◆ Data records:
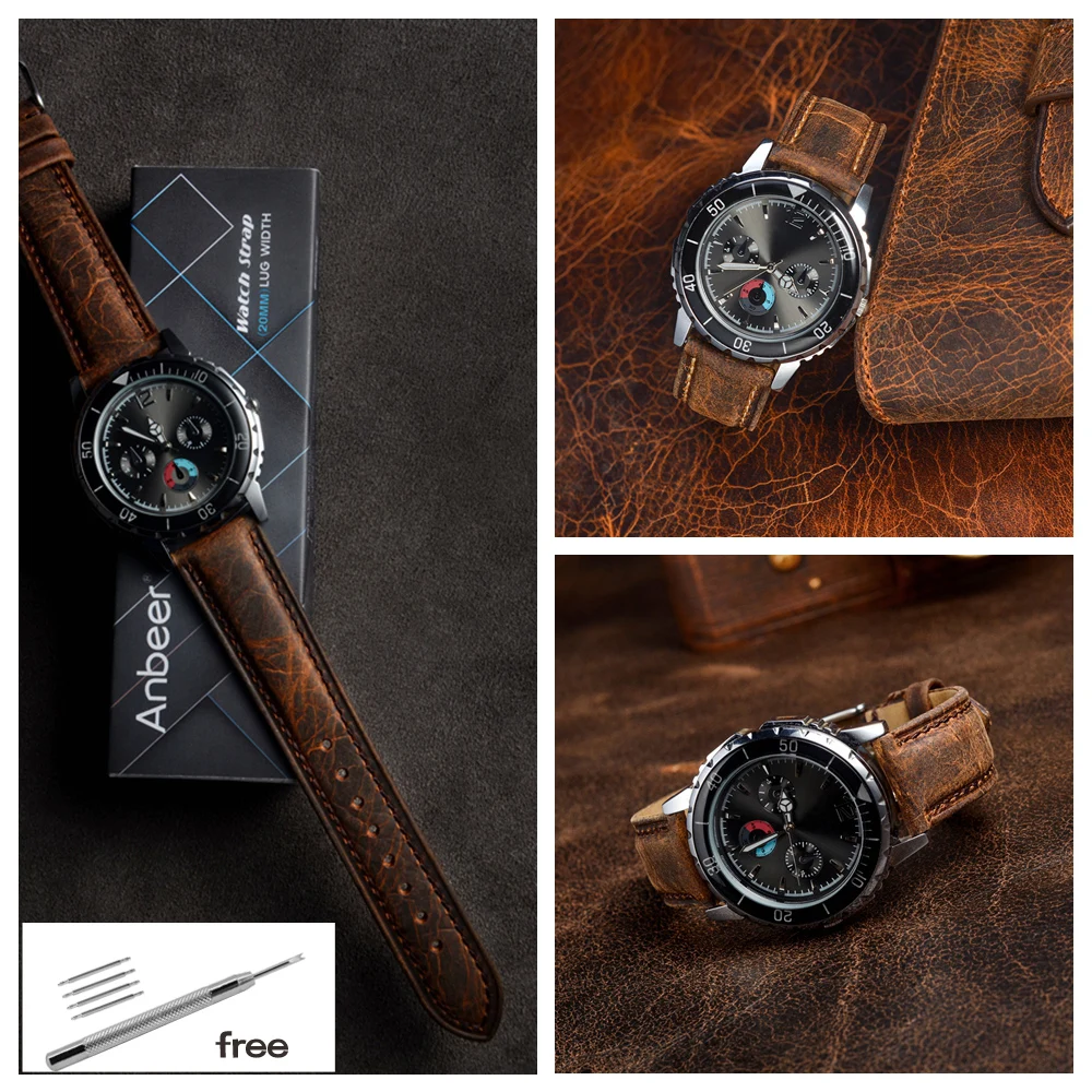 Special Offer Anbeer ремешок для часов 18 мм 20 мм 22 мм Crazy Horse кожаный ремешок Ретро винтажный Сменный ремень Роскошная золотая пряжка Discount 37% Today!
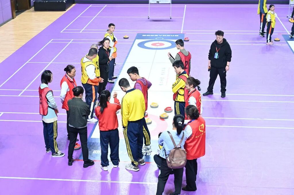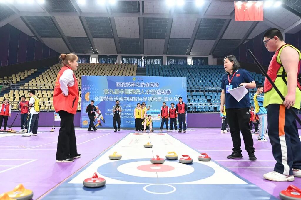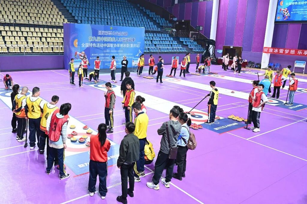 为进一步推动残疾人冰雪运动发展,展现智力残疾人乐观向上、奋勇拼搏的精神风貌,4月8日,第九届中国残疾人冰雪运动季中国智协旱地冰壶(重庆站)比赛在大渡口区体育馆举办,来自重庆市智力残疾人运动员、部分亲友、教练、志愿者等130余人参加比赛。
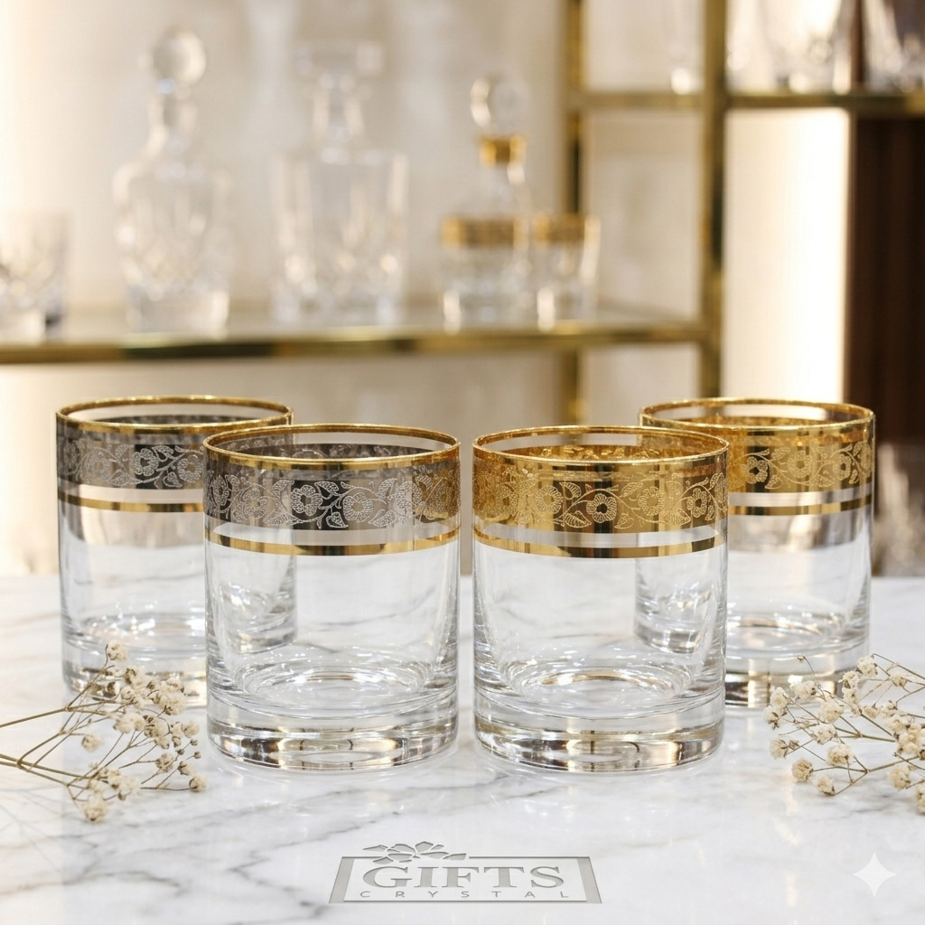Điểm đặc trưng của dòng ly Favorit nằm ở phần viền mạ vàng bản lớn chạy quanh miệng ly. Đây là chi tiết tạo nên vẻ sang trọng cho chiếc ly, đặc biệt khi rót rượu whiskey vào, màu rượu vàng hổ phách kết hợp với viền vàng tạo nên tổng thể rất đẹp và ấm. Khi đặt ly dưới ánh đèn vàng hoặc trong không gian nội thất gỗ, ly sẽ nổi bật và tạo cảm giác rất cao cấp.
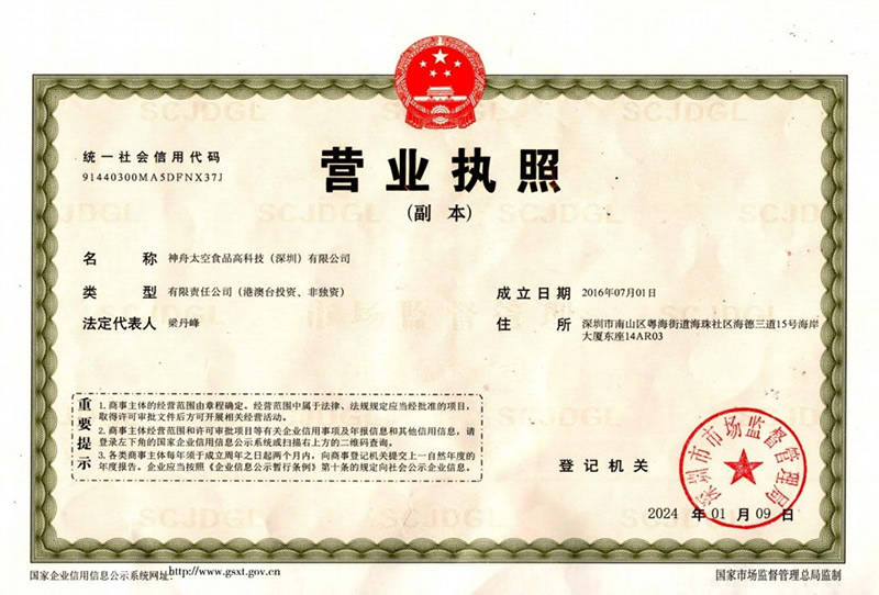 做为我国独一具有空间坐航天员产物研发、出产、发卖停业执照的大型太空食物企业集团,神舟太空食物高科技(深圳)无限公司承担着主要的。它不只是中国航天员核心高科技平易近用产物的我平易近融合项目标施行者,还肩负着我国太空高科技系列食物项目标研发、出产及财产化推广的沉担。
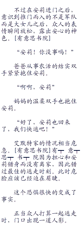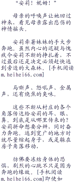 安莉眼前的村民伴随哀号瘫倒在地,被接连刺出的剑给予致命一击。有 ╗意 ╗思 ╗书 ╗院
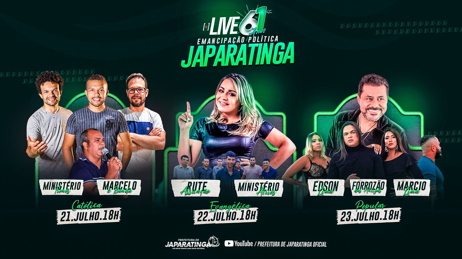 A Prefeitura de Japaratinga vai celebrar os 61 anos de emancipação política com programação online. Por causa da pandemia os shows católico, evangélico e popular serão transmitidos nos dias 21, 22 e 23 de julho, respectivamente, a partir das 18h, no canal do governo municipal, no youtube: youtube.com/prefeituradejaparatingaofical.
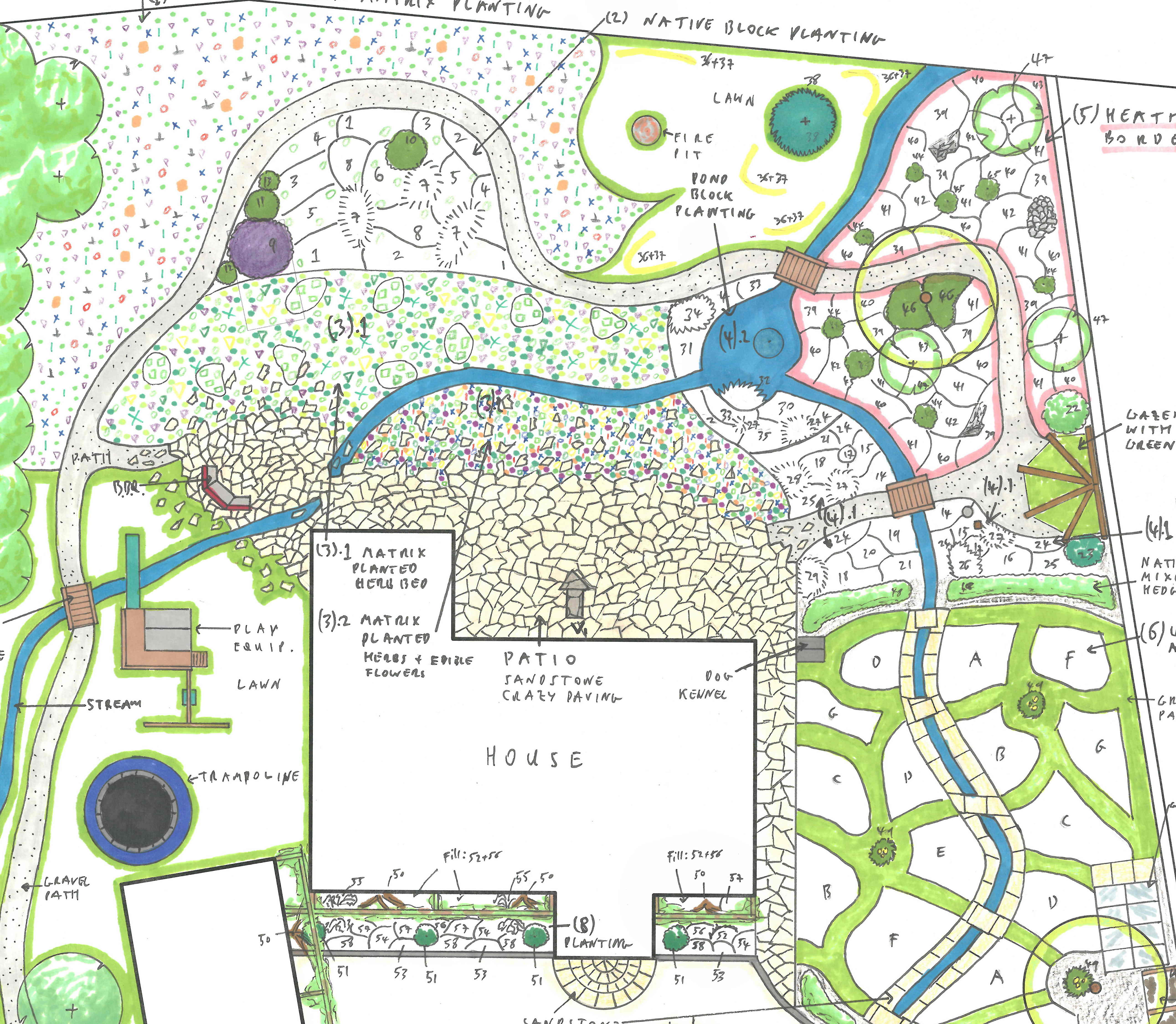 This is where the design is fleshed out into a detailed plan with enough information to build and plant the garden. This includes specific details on hard landscaping features and materials and specific planting plans:
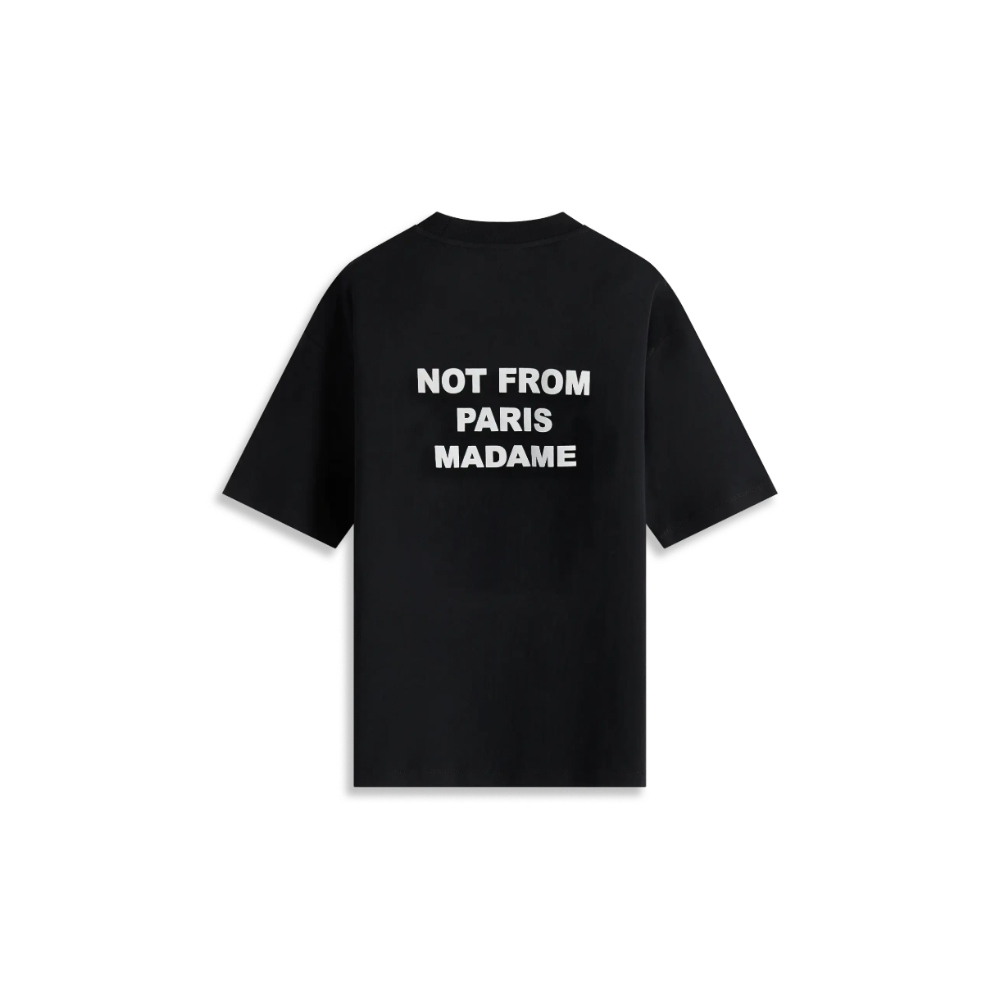 T-shirt con slogan. Realizzata in tessuto interlock di cotone 100%, questa t-shirt nera presenta uno scollo a costine e lo slogan "Not from Paris Madame" stampato davanti e dietro.
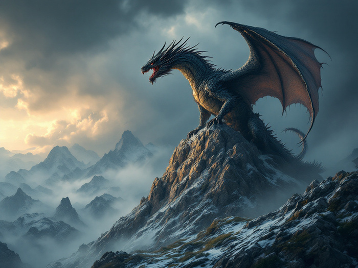 Промпт: A fierce dragon perched atop a mountain peak, with storm clouds gathering around.
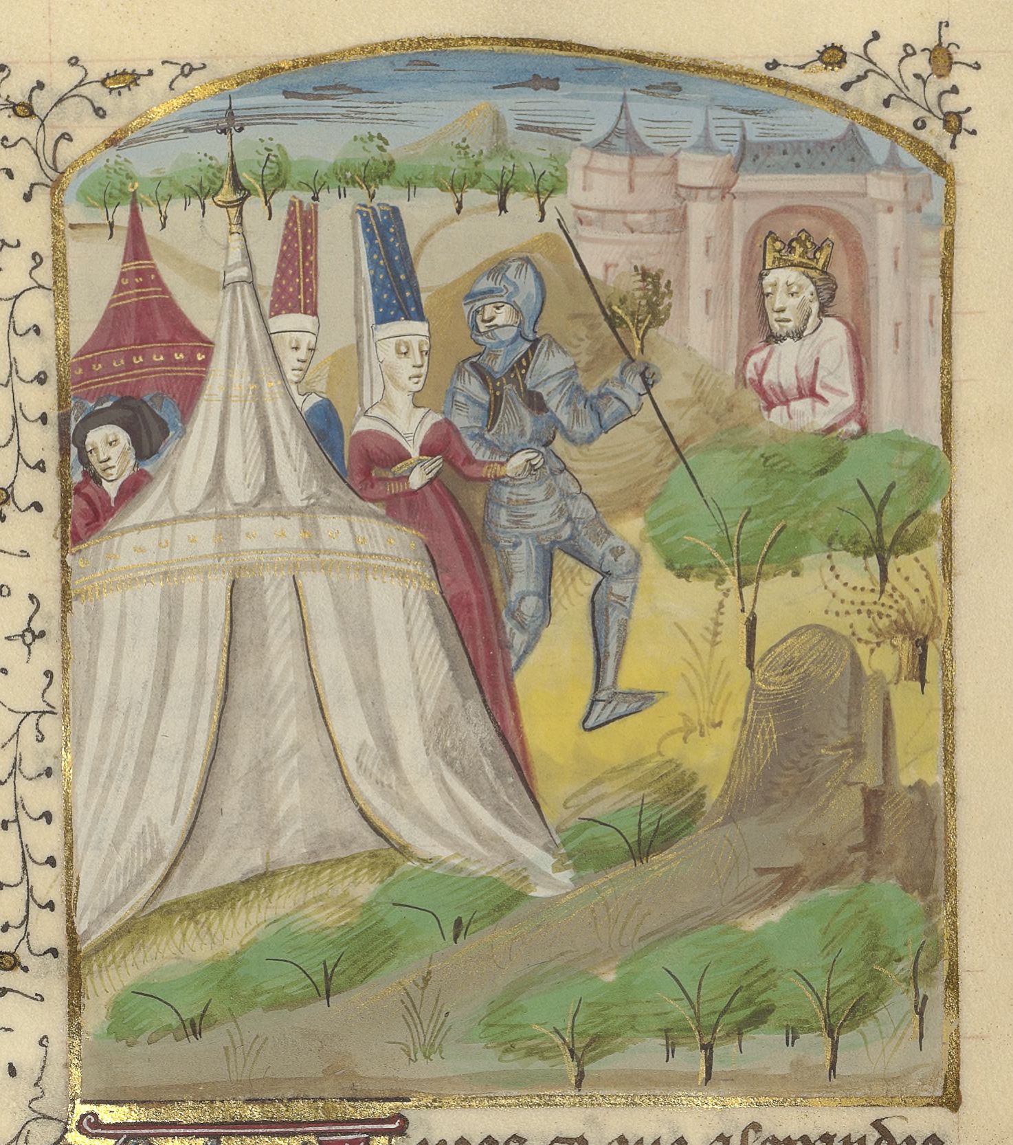 Parigi, Bibliothèque de l'Arsenal, 5192, f. 130v. Antigono cattura le mogli degli Argiraspidi; Eumene viene consegnato prigioniero al nemico.
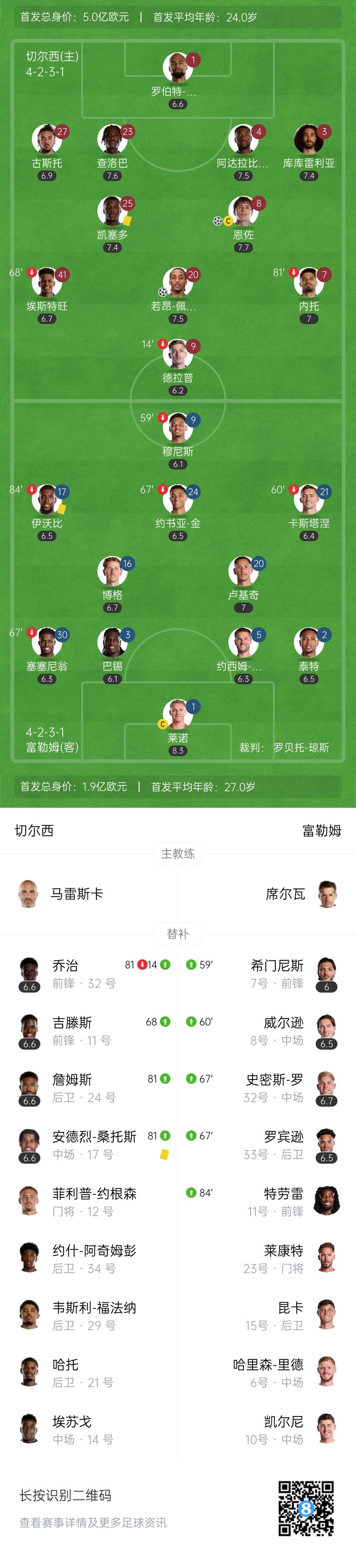 第51分钟,查洛巴传中造成塞塞尼翁禁区内手球,VAR长时间介入连续回溯多个疑似犯规事件,主裁倒序回看了塞塞尼翁的手球、凯塞多的犯规、佩德罗的手球,最终选择判罚塞塞尼翁禁区内的手球,切尔西获得点球,恩佐主罚命中本场传射建功,切尔西2-0领先↓

◆ Exercise description: Copy exactly the lines from the line that contains "Parigi, Bibliothèque de" through the last line of the records above, both ends included, but leave out the pictures.

◆ Written reply:
 Parigi, Bibliothèque de l'Arsenal, 5192, f. 130v. Antigono cattura le mogli degli Argiraspidi; Eumene viene consegnato prigioniero al nemico.
 第51分钟,查洛巴传中造成塞塞尼翁禁区内手球,VAR长时间介入连续回溯多个疑似犯规事件,主裁倒序回看了塞塞尼翁的手球、凯塞多的犯规、佩德罗的手球,最终选择判罚塞塞尼翁禁区内的手球,切尔西获得点球,恩佐主罚命中本场传射建功,切尔西2-0领先↓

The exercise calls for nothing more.